Chili Marrakech is a modern British recipe for a classic fusion dish of an American-style chili of meat and beans married with Moroccan spices. The full recipe is presented here and I hope you enjoy this classic British version of: Chili Marrakech.

prep time

30 minutes

cook time

60 minutes

Total Time:

90 minutes

Serves:

10

Rating: 4.5 star rating

Tags : Spice RecipesGame RecipesVenison RecipesBean RecipesBritish Recipes



This is a modern Fusion recipe that blends a Chili-style stew from the Americas with north African flavours to yield a spicy dish that will become an instant favourite. I've used minced (ground) venison here, but lamb, mutton or beef works just as well.

Ingredients:

1 ½ tbsp cumin seeds
1 tbsp olive oil
3 onions, halved and thinly sliced
1.2kg (2 2/3 lbs) minced (ground) venison
2 tbsp finely chopped ginger
4 garlic cloves, finely chopped
2 x 400g (14 oz) tins chopped tomatoes
1 tbsp smoked paprika
1 tbsp ground cinnamon
1 ½ tbsp ground coriander
3 tbsp harissa
1/2 tsp hot chilli powder
2 tsp ras el hanout (optional)
3 red bell peppers, deseeded and cut into large chunks
2 x 400g (14 oz) tins chickpeas, drained
40g coriander, most chopped, a few leaves left whole to garnish
500ml (2 cups) venison, beef or lamb stock (either home made or prepared with 2 stock cubes)

Method:

Heat your largest non-stick wok or pan oven medium-high heat, add the cumin seeds and toast for a few secs, until aromatic. Remove by turning out onto a plate, then add the oil to the pan and use to fry the onions for 5 mins until starting to colour. Add the venison, ginger and garlic, and cook, breaking up the mince with your wooden spoon, until no longer pink. Drain any excess liquid or fat from the pan.

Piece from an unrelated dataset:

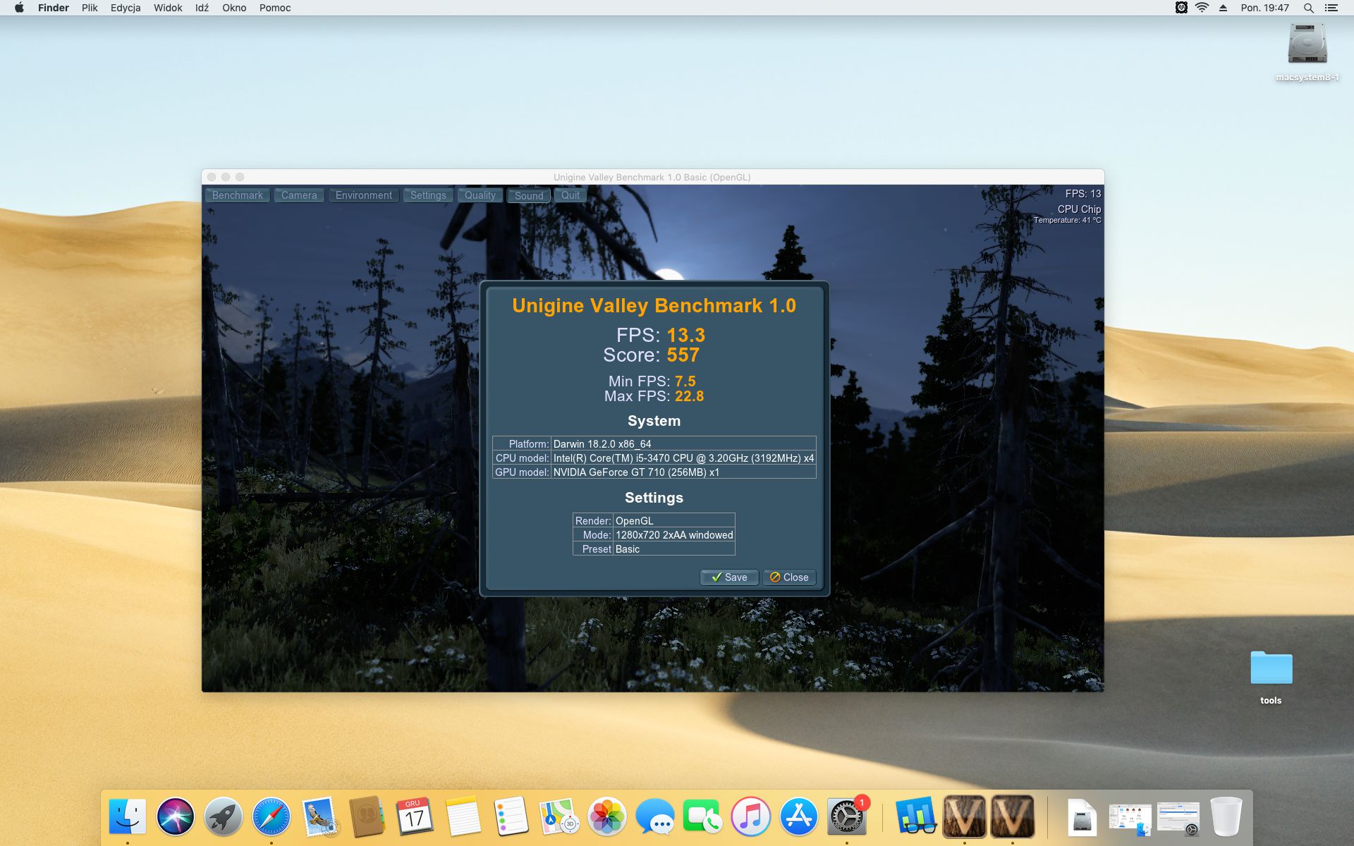 Unigine Valley Benchmark 1.0. Ustawienia 1280x720 Basic.

Stir in the tomatoes, toasted cumin, remaining spices and harissa – add more spice (particularly chilli powder) if you like an extra kick. Now stir in the bell peppers, chickpeas, three-quarters of the chopped coriander and the prepared stock. Cover the pan cook for 40 mins, stirring occasionally, until the sauce is slightly thickened. Remove from the heat. Cool, then stir in the remaining chopped coriander. The dish can be served or frozen at this point.

To freeze into freezer bags and smooth the mince through the bag to flatten. Use within 3 months. To serve, remove from the bags and heat from frozen in a pan on the hob with a little water until bubbling hot, then scatter with coriander.

Serve on a bed of rice. For a north African twist, serve with couscous instead of the rice.